───── MATERIAL TO PROCESS

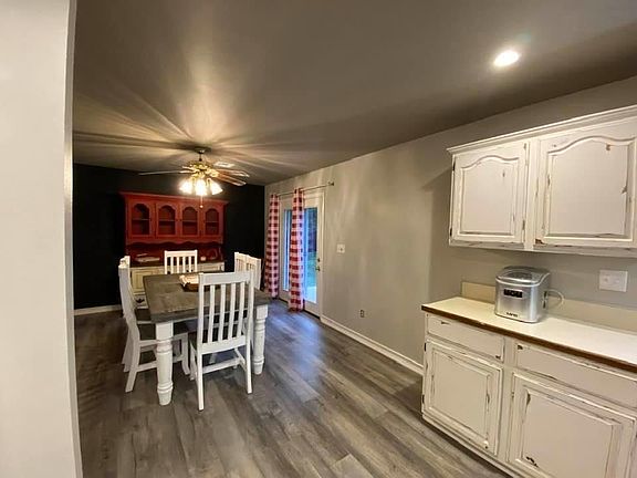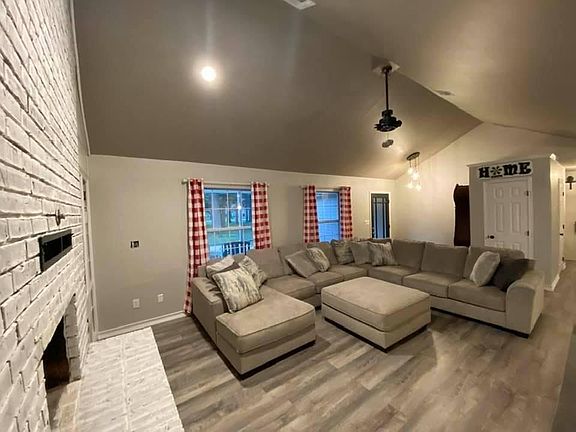 Modern Farmhouse charm in this completely updated one level home. This 4 bedroom, 2 bath home, is just out of city limits but only 2 minutes to shopping, dining, and Honey Creek Marina! Grand Lake is a short golf cart ride away! New flooring, paint, carpet, lighting and refinished cabinets. Vaulted ceilings, wood fireplace, large dining with French doors, barn doors, crown molding, shiplap accent wall and neutral colors. Outdoors enjoy the stamped patio, pergola w/ outdoor TV, covered front porch, maintenance free exterior, oversized garage and large lot with shade trees. No HOA. No restrictions. Room for animals, boat and RV. Move in ready!
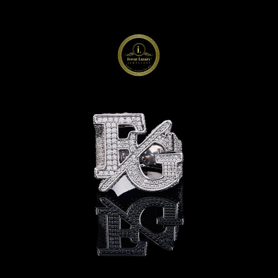 This custom FG initial ring by Ivevar Luxury is a high-impact statement piece designed for maximum "iced-out" brilliance. Crafted with meticulous detail, it features the letters "F" and "G" in a bold, interlocking block font, entirely pavé-set with VVS-grade Lab Grown stones.
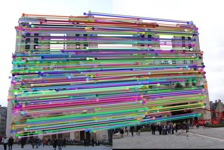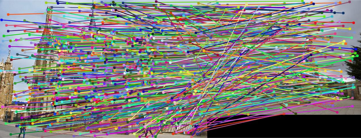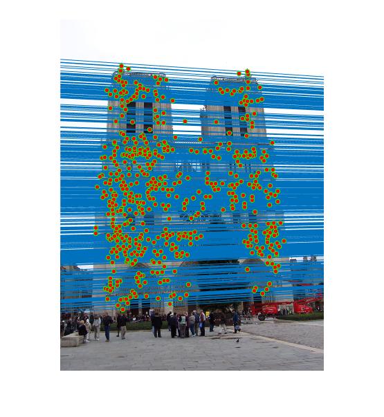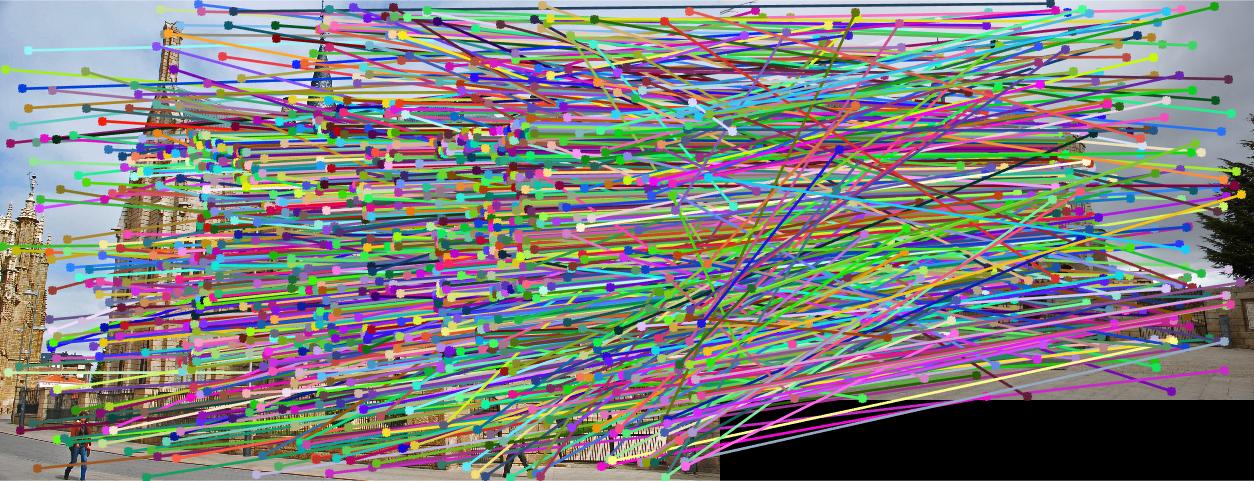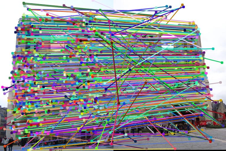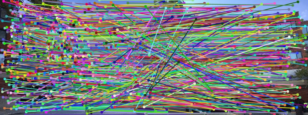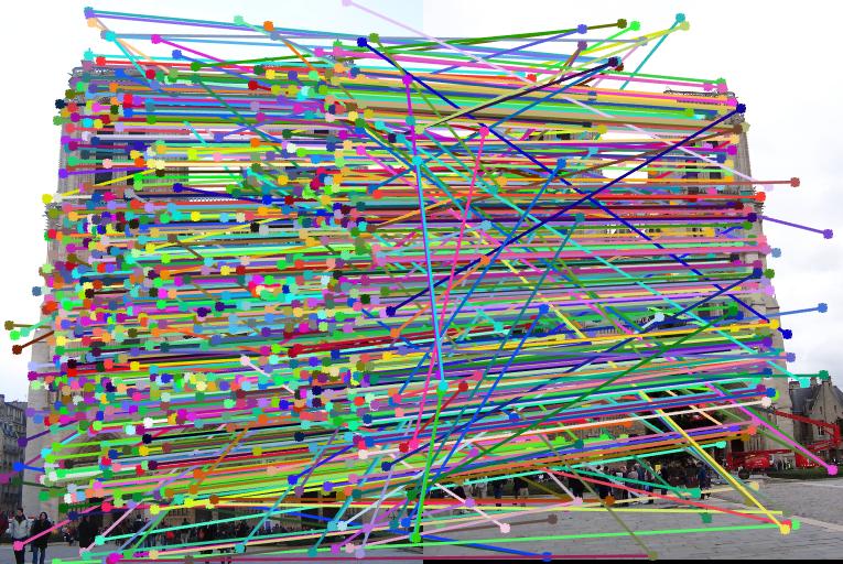 Image 1 showing the results of the correspondences before performing the RANSAC. Image 2 showing the results of the correspondences after performing the RANSAC. This was run for 10000 iterations of RANSAC, thus giving dense correspondences. |
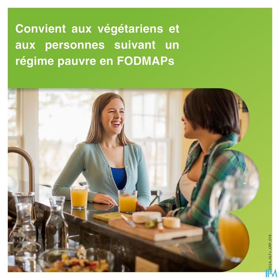 Alflorex+® is glutenvrij, lactosevrij, zuivelvrij, conserveermiddelvrij en sojavrij. Het is geschikt voor vegetariërs en mensen die een FODMAP-laag dieet volgen.
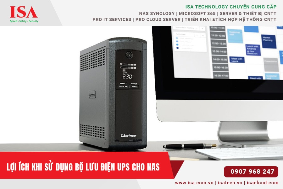 Hệ thống UPS cung cấp một nguồn năng lượng dự phòng đáng tin cậy, giúp hệ thống NAS tiếp tục hoạt động trong thời gian ngắn sau khi mất điện, đồng thời giúp các dữ liệu đang xử lý hoặc chưa lưu trữ được an toàn. Ngoài ra, các chức năng chống quá áp, chống sét, nhiễu điện còn bảo vệ phần cứng khỏi các tác nhân gây hại từ nguồn điện không ổn định.

──────────

WHAT THE TASK REQUIRES:
Every entry above needs to be duplicated exactly, without its images.

EXPECTED ANSWER:
 Modern Farmhouse charm in this completely updated one level home. This 4 bedroom, 2 bath home, is just out of city limits but only 2 minutes to shopping, dining, and Honey Creek Marina! Grand Lake is a short golf cart ride away! New flooring, paint, carpet, lighting and refinished cabinets. Vaulted ceilings, wood fireplace, large dining with French doors, barn doors, crown molding, shiplap accent wall and neutral colors. Outdoors enjoy the stamped patio, pergola w/ outdoor TV, covered front porch, maintenance free exterior, oversized garage and large lot with shade trees. No HOA. No restrictions. Room for animals, boat and RV. Move in ready!
 This custom FG initial ring by Ivevar Luxury is a high-impact statement piece designed for maximum "iced-out" brilliance. Crafted with meticulous detail, it features the letters "F" and "G" in a bold, interlocking block font, entirely pavé-set with VVS-grade Lab Grown stones.
 Image 1 showing the results of the correspondences before performing the RANSAC. Image 2 showing the results of the correspondences after performing the RANSAC. This was run for 10000 iterations of RANSAC, thus giving dense correspondences. |
 Alflorex+® is glutenvrij, lactosevrij, zuivelvrij, conserveermiddelvrij en sojavrij. Het is geschikt voor vegetariërs en mensen die een FODMAP-laag dieet volgen.
 Hệ thống UPS cung cấp một nguồn năng lượng dự phòng đáng tin cậy, giúp hệ thống NAS tiếp tục hoạt động trong thời gian ngắn sau khi mất điện, đồng thời giúp các dữ liệu đang xử lý hoặc chưa lưu trữ được an toàn. Ngoài ra, các chức năng chống quá áp, chống sét, nhiễu điện còn bảo vệ phần cứng khỏi các tác nhân gây hại từ nguồn điện không ổn định.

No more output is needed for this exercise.